* [EXERCISE DESCRIPTION]
The lines to output run from the first line of the entries below through the line containing "Prostírání na stůl"; copy them exactly and leave out pictures.
☆ ☆ ☆ ☆ ☆ ☆ ☆
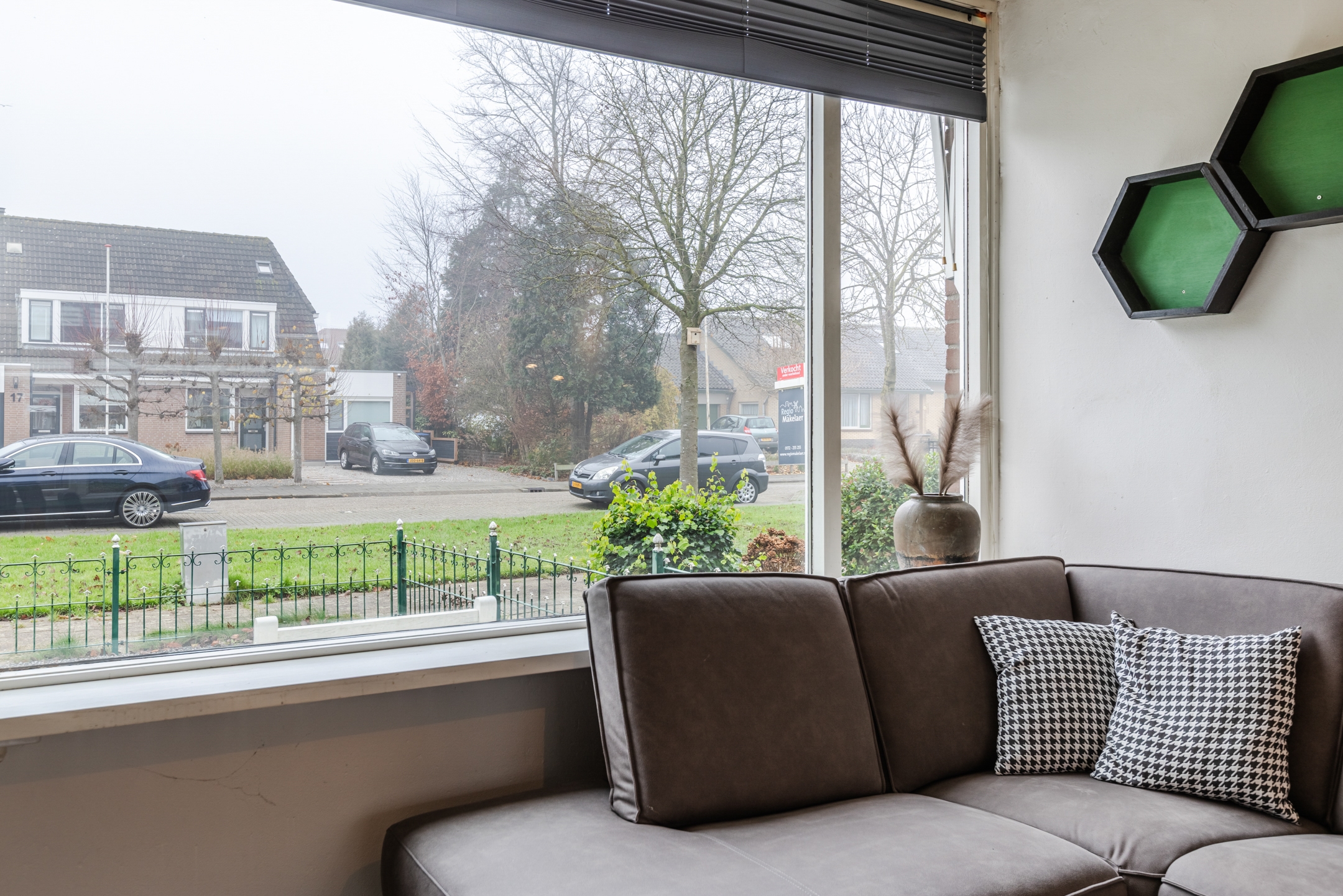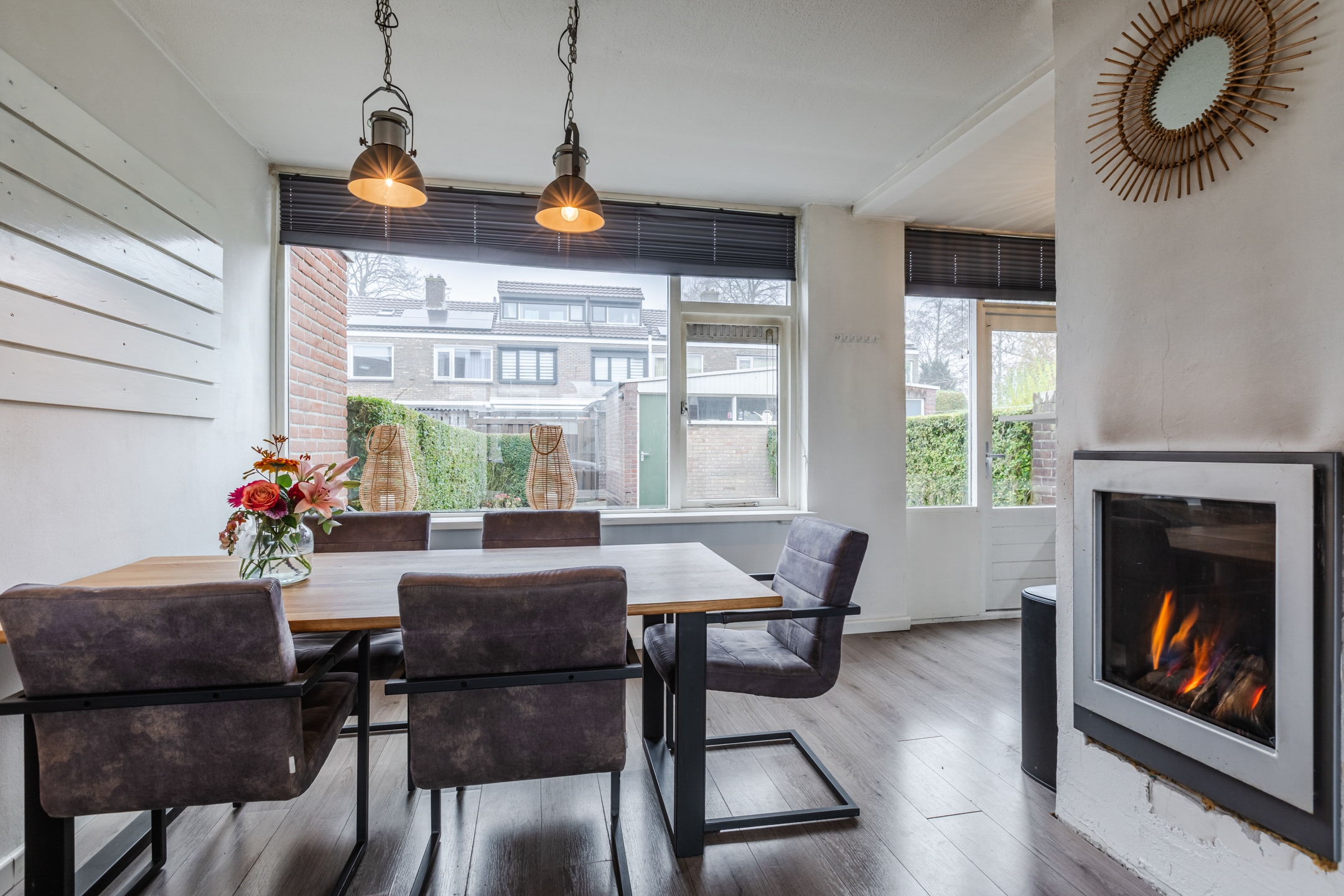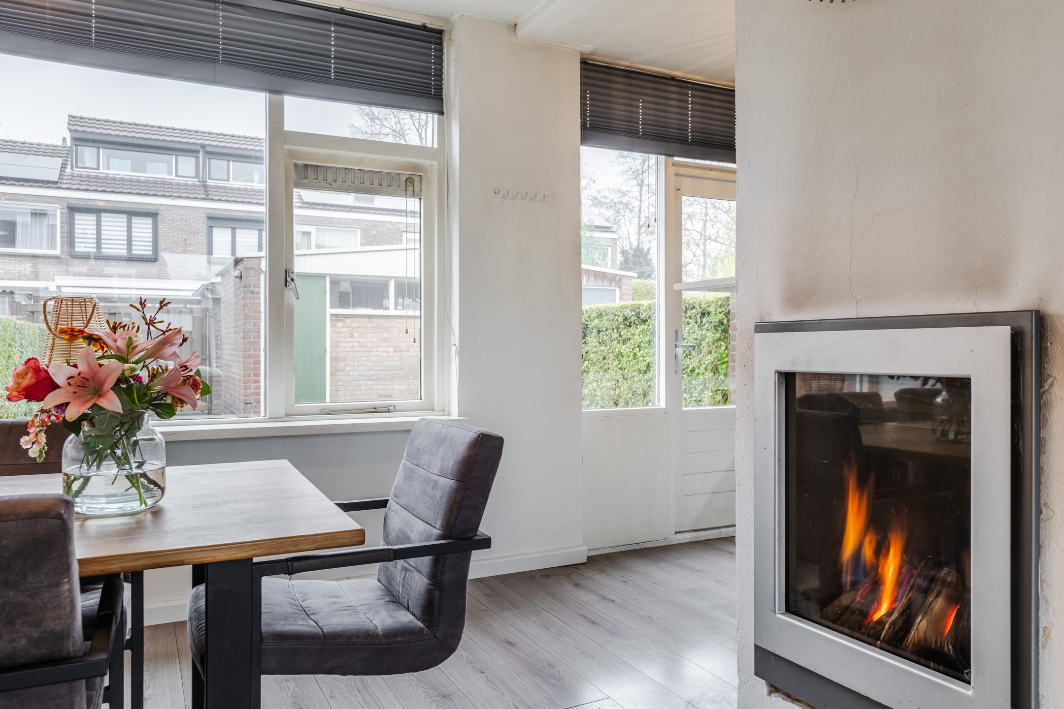 • Lichte woonkamer met vrij uitzicht op de groene zone aan de voorzijde én een gezellige open haard
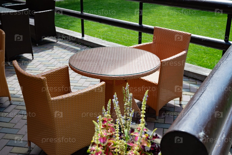 Комплект плетеной садовой мебели со столом у ручья в пышном саду
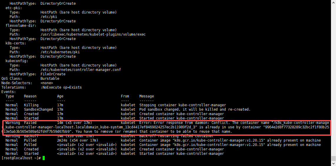 错误翻译是:kubelet错误:kubelet错误:来自守护进程的错误响应:冲突。容器名称“/k8s_kube-controller-manager _ kube-controller manager-rhost.localdomain_cube-system_13cd4417ef8469024257ec2b11989f2d_3”已被容器“9964e2d8f77328289c32bc2f1f80b25613e5ab3b565e589a62fd4f7b59d67bb9”使用。您必须删除(或重命名)该容器才能重用该名称。
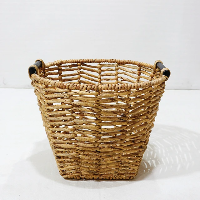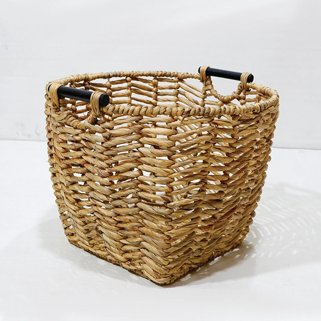 Artex Dong Thap Natural Water Hyacinth Basket with Wooden Handles Square Top Open Storage Bin for Home & Office Decor
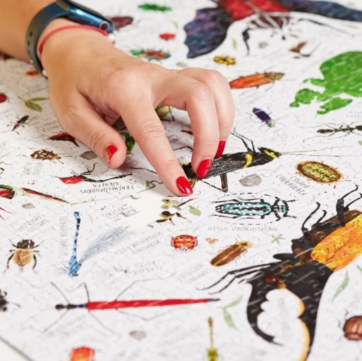 Odkrijte lepoto in raznolikost fascinantnih žuželk z vsega sveta s sestavljanko PUZZLOVE. Ta set s 1000 kosi in avtorsko ilustracijo je izdelan na Poljskem ter ponuja prijetno relaksacijo in vadbo uma; po sestavi nastane slika v dimenzijah 48 × 68 cm.
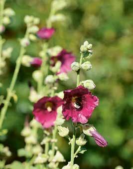 Diese typische Bauerngartenpflanze wĂ€chst kerzengrade und trĂ€gt auffallende groĂe BlĂŒten. Man sieht sie in vielen Farben: weiĂ, gelb, rot, rosa, violett und schwarzrot. AuĂerdem gibt es auch Sorten mit gefĂŒllten BlĂŒten, aber die einfachen halten lĂ€nger und werden von den Insekten bevorzugt. Manchmal stĂŒtze ich die StĂ€ngel, damit Wind oder starker Regen sie nicht umwerfen. Nach der BlĂŒte schneide ich die Pflanze zurĂŒck, damit sie im nĂ€chsten Jahr wieder blĂŒht. Man kann die Samen allerdings auch reifen lassen, dann kann sich die Stockrose versĂ€en.
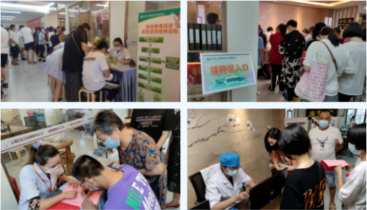 現(xiàn)場設(shè)有登記區(qū)、接種區(qū)
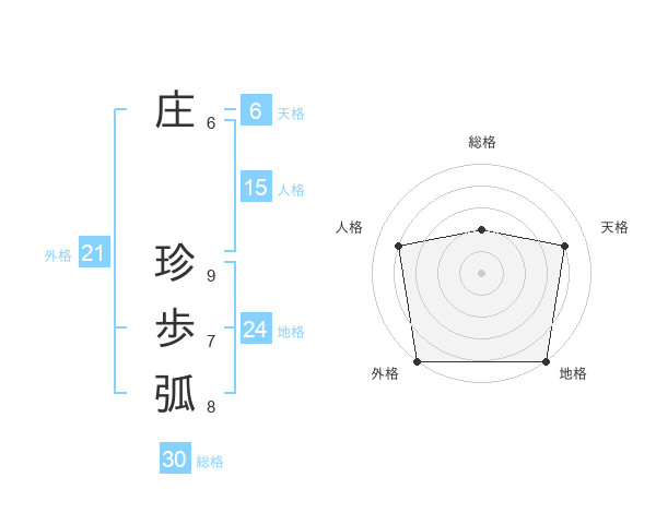 庄 珍歩弧さんの総格は30画の2点!
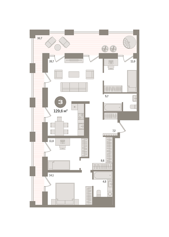 2К квартира 129,61 м²
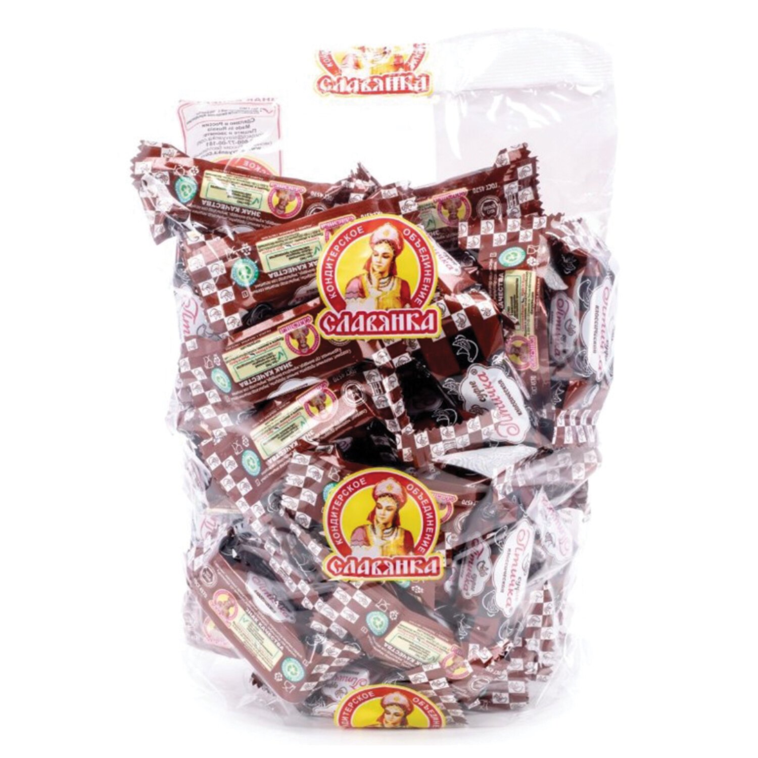 Конфеты-суфле СЛАВЯНКА "Птичка", классические, в шоколадной глазури, 1000 г, пакет, 70030
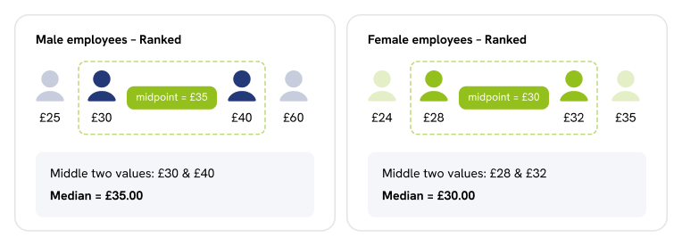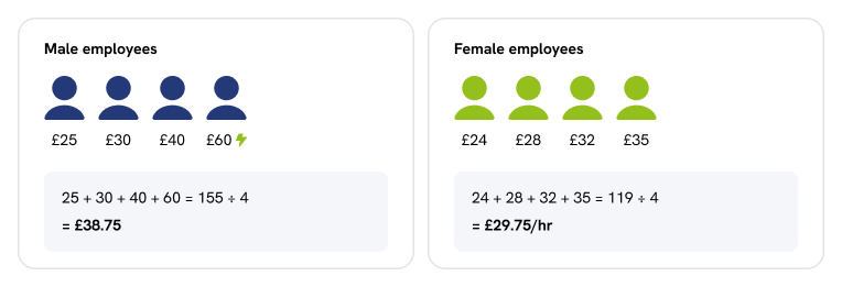 Imagine you have eight employees, four male who earn £25, £30, £40, and £60 per hour and four female who make £24, £28, £32, and £35 per hour.
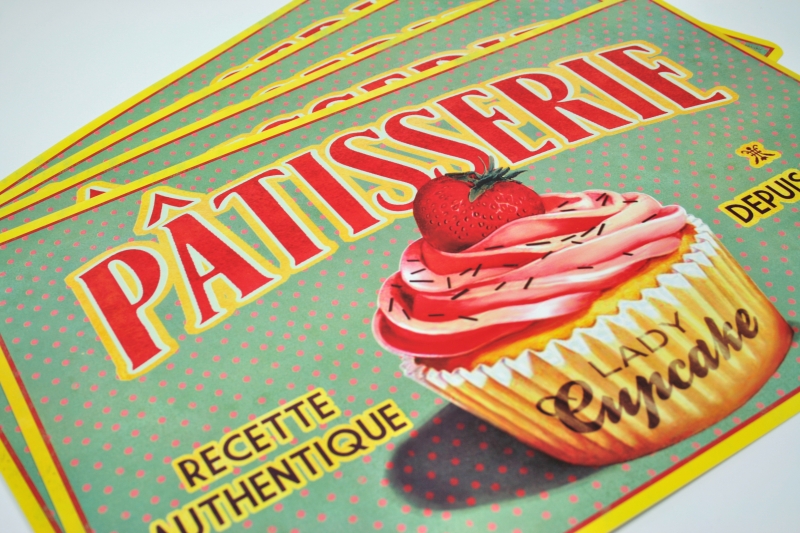 Prostírání na stůl Lady Cupcake je vyrobené z plastu a potěší každého, kdo se zajímá o retro styl a má rád staré kavárenské motivy.
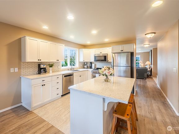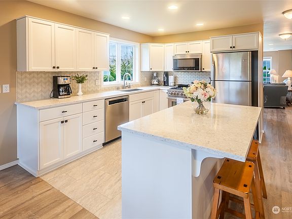 Located on the desirable west side of Lynden, this single-level home sits on a spacious lot with many appealing features. Step inside to discover new gorgeous laminate floors and updates throughout. The kitchen features an island with quartz countertops, complimented by stainless steel appliances and a large high-end undermount sink. With three bedrooms, two bathrooms, and separate living and family rooms, this home offers both comfort and convenience. The furnace was recently replaced and house has AC. There is an abundance of storage through entire house. Outdoor enthusiasts will appreciate the privacy of the patio, large backyard, garden shed & raised garden bed. Located close to downtown, trails, shopping, & restaurants.
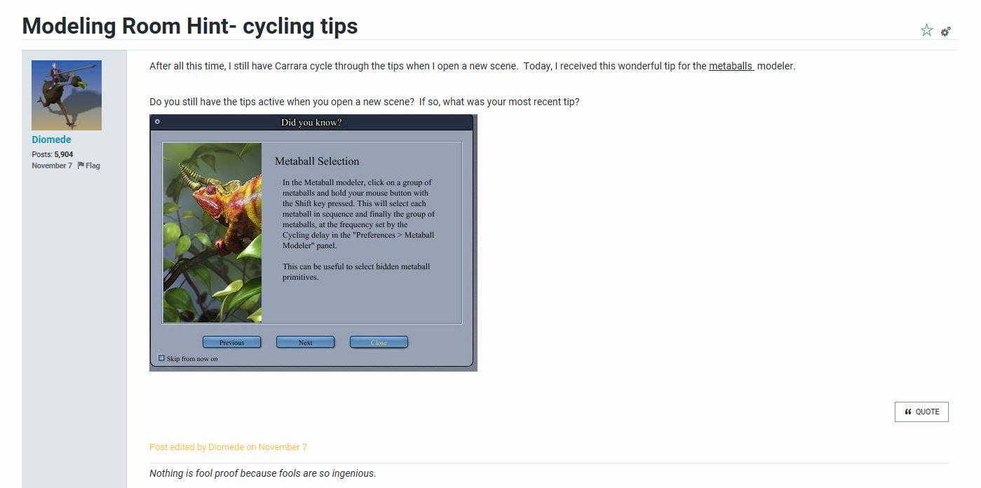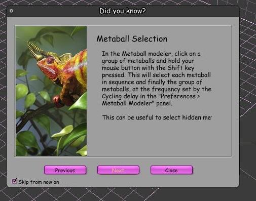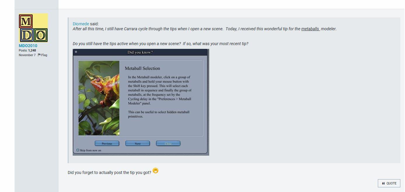 After all this time, I still have Carrara cycle through the tips when I open a new scene. Today, I received this wonderful tip for the metaballs modeler.
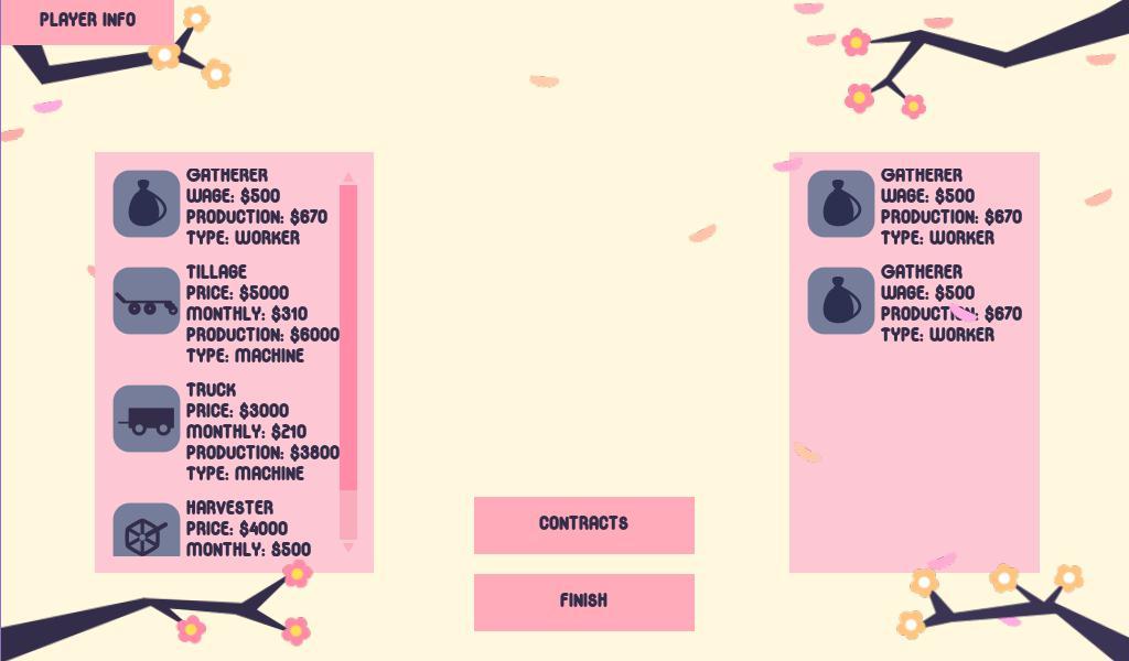 Осень/Урожай: третий и самый важный экран, здесь вы готовите свое поле к производству и пытаетесь выполнить контракты. Я пытался создать механику спроса и предложения, но она работает плохо... так что... нам придется разобраться с этим позже
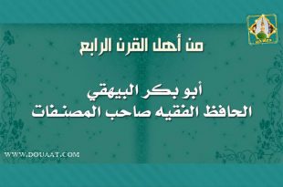ترجمته هو الإمام الكبير الفقيه الحافظ الأصولي النحرير الزاهد الورع الشيخ أبو بكر أحمد بن الحسين بن علي بن عبد الله بن موسى البيهقي الخُسرَوْجردي (نسبة إلى خُسْرَوْجِرد القرية التي ولد فيها). أخذ علم الأصول على مذهب الإمام الأشعري واشتغل بالتأليف فكثرت مصنفاته وصار أوحد زمانه في الحديث والفهم والقريحة والزهد. ولد في شعبان سنة ثلاثمائة وأربع وثمانين هجرية بقرية …
☆ ☆ ☆ ☆ ☆ ☆ ☆
* [ANSWER AREA]
 • Lichte woonkamer met vrij uitzicht op de groene zone aan de voorzijde én een gezellige open haard
 Комплект плетеной садовой мебели со столом у ручья в пышном саду
 错误翻译是:kubelet错误:kubelet错误:来自守护进程的错误响应:冲突。容器名称“/k8s_kube-controller-manager _ kube-controller manager-rhost.localdomain_cube-system_13cd4417ef8469024257ec2b11989f2d_3”已被容器“9964e2d8f77328289c32bc2f1f80b25613e5ab3b565e589a62fd4f7b59d67bb9”使用。您必须删除(或重命名)该容器才能重用该名称。
 Artex Dong Thap Natural Water Hyacinth Basket with Wooden Handles Square Top Open Storage Bin for Home & Office Decor
 Odkrijte lepoto in raznolikost fascinantnih žuželk z vsega sveta s sestavljanko PUZZLOVE. Ta set s 1000 kosi in avtorsko ilustracijo je izdelan na Poljskem ter ponuja prijetno relaksacijo in vadbo uma; po sestavi nastane slika v dimenzijah 48 × 68 cm.
 Diese typische Bauerngartenpflanze wĂ€chst kerzengrade und trĂ€gt auffallende groĂe BlĂŒten. Man sieht sie in vielen Farben: weiĂ, gelb, rot, rosa, violett und schwarzrot. AuĂerdem gibt es auch Sorten mit gefĂŒllten BlĂŒten, aber die einfachen halten lĂ€nger und werden von den Insekten bevorzugt. Manchmal stĂŒtze ich die StĂ€ngel, damit Wind oder starker Regen sie nicht umwerfen. Nach der BlĂŒte schneide ich die Pflanze zurĂŒck, damit sie im nĂ€chsten Jahr wieder blĂŒht. Man kann die Samen allerdings auch reifen lassen, dann kann sich die Stockrose versĂ€en.
 現(xiàn)場設(shè)有登記區(qū)、接種區(qū)
 庄 珍歩弧さんの総格は30画の2点!
 2К квартира 129,61 м²
 Конфеты-суфле СЛАВЯНКА "Птичка", классические, в шоколадной глазури, 1000 г, пакет, 70030
 Imagine you have eight employees, four male who earn £25, £30, £40, and £60 per hour and four female who make £24, £28, £32, and £35 per hour.
 Prostírání na stůl Lady Cupcake je vyrobené z plastu a potěší každého, kdo se zajímá o retro styl a má rád staré kavárenské motivy.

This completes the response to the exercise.